Tive, recentemente em Olinda, numa manhã como só os trópicos conhecem, entre chuvosa e ensolarada, uma conversa, que diria exemplar, com um jovem educador popular que, a cada instante, a cada palavra, a cada reflexão, revelava a coerência com que vive sua opção democrática e popular. Caminhávamos, Danilson Pinto e eu, com alma aberta ao mundo, curiosos, receptivos, pelas trilhas de uma favela onde cedo se aprende que só a custo de muita teimosia se consegue tecer a vida com sua quase ausência – ou negação –, com carência, com ameaça, com desespero, com ofensa e dor. Enquanto andávamos pelas ruas daquele mundo maltratado e ofendido eu ia me lembrando de experiências de minha juventude em outras favelas de Olinda ou do Recife, dos meus diálogos com favelados e faveladas de alma rasgada.

Tropeçando na dor humana, nós nos perguntávamos em torno de um sem-número de problemas. Que fazer, enquanto educadores, trabalhando num contexto assim? Há mesmo o que fazer? Como fazer o que fazer?
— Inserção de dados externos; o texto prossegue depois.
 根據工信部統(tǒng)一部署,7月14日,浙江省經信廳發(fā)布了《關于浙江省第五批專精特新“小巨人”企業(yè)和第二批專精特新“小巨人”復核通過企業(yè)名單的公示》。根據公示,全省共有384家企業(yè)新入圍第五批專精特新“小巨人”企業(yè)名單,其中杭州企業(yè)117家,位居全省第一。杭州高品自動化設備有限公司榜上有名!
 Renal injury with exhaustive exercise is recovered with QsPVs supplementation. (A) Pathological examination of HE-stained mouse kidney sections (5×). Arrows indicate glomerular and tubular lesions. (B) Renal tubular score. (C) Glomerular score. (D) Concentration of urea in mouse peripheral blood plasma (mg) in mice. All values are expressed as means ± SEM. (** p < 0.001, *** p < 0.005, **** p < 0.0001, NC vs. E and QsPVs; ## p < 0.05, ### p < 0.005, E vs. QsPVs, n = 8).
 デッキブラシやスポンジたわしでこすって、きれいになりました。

Que precisamos nós, os chamados educadores, saber para viabilizar até mesmo os nossos primeiros encontros com mulheres, homens e crianças cuja humanidade vem sendo negada e traída, cuja existência vem sendo esmagada?

Paramos no meio de um pontilhão estreito que possibilita a travessia da favela para uma parte menos maltratada do bairro popular. Olhávamos de cima um braço de rio poluído, sem vida, cuja lama e não cuja água empapa os mocambos nela quase mergulhados. “Mais além dos mocambos”, me disse Danilson, “há algo pior: um grande terreno onde se faz o depósito do lixo público.
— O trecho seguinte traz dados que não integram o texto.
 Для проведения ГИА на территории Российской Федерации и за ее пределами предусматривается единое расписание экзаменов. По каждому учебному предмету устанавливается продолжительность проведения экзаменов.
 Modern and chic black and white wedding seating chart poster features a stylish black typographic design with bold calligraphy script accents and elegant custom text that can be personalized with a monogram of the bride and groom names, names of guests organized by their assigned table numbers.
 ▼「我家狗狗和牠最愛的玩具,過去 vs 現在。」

Os moradores de toda esta redondeza ‘pesquisam’ no lixo o que comer, o que vestir, o que os mantenha vivos”. Foi desse horrendo aterro que há dois anos uma família retirou de lixo hospitalar pedaços de seio amputado com que preparou seu almoço domingueiro. A imprensa noticiou o fato que citei horrorizado e pleno de justa raiva no meu último livro À sombra desta mangueira.

É possível que a notícia tenha provocado em pragmáticos neoliberais sua reação habitual e fatalista em favor sempre dos poderosos. “É triste, mas, que fazer? A realidade é mesmo esta.” A realidade, porém, não é inexoravelmente esta. Está sendo esta como poderia ser outra e é para que seja outra que precisamos os progressistas de lutar.

Eu me sentiria mais do que triste, desolado e sem achar sentido para minha presença no mundo, se fortes e indestrutíveis razões me convencessem de que a existência humana se dá no domínio da determinação. Domínio em que dificilmente se poderia falar de opções, de decisão, de liberdade, de ética. “Que fazer? A realidade é assim mesmo”, seria o discurso universal. Discurso monótono, repetitivo, como a própria existência humana. Numa história assim determinada as posições rebeldes não têm como tornar-se revolucionárias.

Tenho o direito de ter raiva, de manifestá-la, de tê-la como motivação para minha briga tal qual tenho o direito de amar, de expressar meu amor ao mundo, de tê-lo como motivação de minha briga porque, histórico, vivo a História como tempo de possibilidade não de determinação. Se a realidade fosse assim porque estivesse dito que assim teria de ser não haveria sequer por que ter raiva. Meu direito à raiva pressupõe que, na experiência histórica da qual participo, o amanhã não é algo “pré-dado”, mas um desafio, um problema. A minha raiva, minha justa ira, se funda na minha revolta em face da negação do direito de “ser mais” inscrito na natureza dos seres humanos.

Não posso, por isso, cruzar os braços fatalistamente diante da miséria, esvaziando, desta maneira, minha responsabilidade no discurso cínico e “morno”, que fala da impossibilidade de mudar porque a realidade é mesmo assim. O discurso da acomodação ou de sua defesa, o discurso da exaltação do silêncio imposto de que resulta a imobilidade dos silenciados, o discurso do elogio da adaptação tomada como fado ou sina é um discurso negador da humanização de cuja responsabilidade não podemos nos eximir.

A adaptação a situações negadoras da humanização só pode ser aceita como consequência da experiência dominadora, ou como exercício de resistência, como tática na luta política. Dou a impressão de que aceito hoje a condição de silenciado para bem lutar, quando puder, contra a negação de mim mesmo. Esta questão, a da legitimidade da raiva contra a docilidade fatalista diante da negação das gentes, foi um tema que esteve implícito em toda a nossa conversa naquela manhã.